[PATCH] Fix fastcc/tailcallopt for ARM64

Wed May 7 02:55:41 PDT 2014

Hi Jiangning,

Thanks very much for working on this! It's an interesting area, but a very tricky one. Mostly it looks OK, I've just got a few comments:

================
Comment at: lib/Target/ARM64/ARM64FrameLowering.cpp:477
@@ +476,3 @@
+  // ARM64TargetLowering::LowerCall figures out ArgumentPopSize and keeps
+  // it as the 2nd argument of ARM64ISD::TC_RETURN.
+  NumBytes += ArgumentPopSize;
----------------
TCRETURN in the ARM64 world.

================
Comment at: lib/Target/ARM64/ARM64ISelLowering.cpp:1769
@@ +1768,3 @@
+      // any case:
+      StackArgSize = RoundUpToAlignment(StackArgSize, 16);
+    }
----------------
Darwin definitely does need the stack to be aligned to 16 bytes: a segfault occurs if a misaligned SP is ever used.

================
Comment at: lib/Target/ARM64/ARM64ISelLowering.cpp:2146-2148
@@ +2145,5 @@
+  // AAPCS64 requires stack pointer must be 16-byte aligned.
+  unsigned NumBytes = Subtarget->isTargetDarwin() ?
+    CCInfo.getNextStackOffset() :
+    RoundUpToAlignment(CCInfo.getNextStackOffset(), 16);
+
----------------
Again, Darwin has the same constraints as other platforms here.

I also think this might be the wrong place to do this, on reflection. I'd like to try & keep NumBytes unaligned (it's mostly corrected for by a RoundUpToAlignment in ARM64FrameLowering::eliminateCallFramePseudoInstr and the more accurate value is useful to PrologEpilogInserter).

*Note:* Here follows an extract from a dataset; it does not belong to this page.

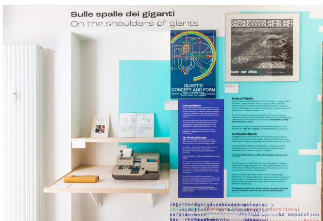
The room devoted to Olivetti's legacy of the exhibition Easy as a Kiss. Humanizing technology through design. Vision, story and impact of Interaction Design Institute Ivrea , curated by Jan-Christoph Zoels, Circolo del Design (Turin), 2021.

I came to interaction design from graphic design and typography. Designing a layout application in the 1980s, I realised that the everyday skills and knowledge of graphic designers could make software not only more beautiful but easier to use.

So perhaps it's best to call RoundUpToAlignment only where it's actually needed: line 2169 & 2390 by the looks of it. On the other hand, if it can be moved to eliminateCallFramePseudoInstr that would be even more consistent (that may make calculations impossible or unnecessarily difficult in ISelLowering though, so  twist yourself into contortions trying it).

================
Comment at: lib/Target/ARM64/ARM64ISelLowering.cpp:2236-2241
@@ -2092,3 +2235,8 @@
       unsigned LocMemOffset = VA.getLocMemOffset();
-      SDValue PtrOff = DAG.getIntPtrConstant(LocMemOffset);
-      PtrOff = DAG.getNode(ISD::ADD, DL, getPointerTy(), StackPtr, PtrOff);
+      uint32_t OpSize = Flags.isByVal() ? Flags.getByValSize()*8 :
+                                          VA.getLocVT().getSizeInBits();
+      OpSize = (OpSize + 7) / 8;
+      uint32_t BEAlign = 0;
+      if (OpSize < 8 && !Subtarget->isLittleEndian())
+        BEAlign = 8-OpSize;
+      int32_t Offset = LocMemOffset + BEAlign;
----------------
I think this is probably dodgy for byval arguments. Perhaps leave the big-endian changes for James to thrash out?

================
Comment at: lib/Target/ARM64/ARM64ISelLowering.cpp:2247
@@ +2246,3 @@
+        int FI = MF.getFrameInfo()->CreateFixedObject(OpSize, Offset, true);
+      
+        DstAddr = DAG.getFrameIndex(FI, getPointerTy());
----------------
There's some trailing spaces on this line (& others). Might be an idea to clang-format the patch if they're not obvious in your editor.

================
Comment at: lib/Target/ARM64/ARM64InstrInfo.td:89
@@ -88,3 +88,3 @@
                                            SDTCisSameAs<0,3>]>;
-def SDT_ARM64TCRET : SDTypeProfile<0, 1, [SDTCisPtrTy<0>]>;
+def SDT_ARM64TCRET : SDTypeProfile<0, -1, [SDTCisPtrTy<0>]>;
 def SDT_ARM64PREFETCH : SDTypeProfile<0, 2, [SDTCisVT<0, i32>, SDTCisPtrTy<1>]>;
----------------
Couldn't this be a 2-argument node rather than a variadic one? You seem to have modified all uses.

http://reviews.llvm.org/D3633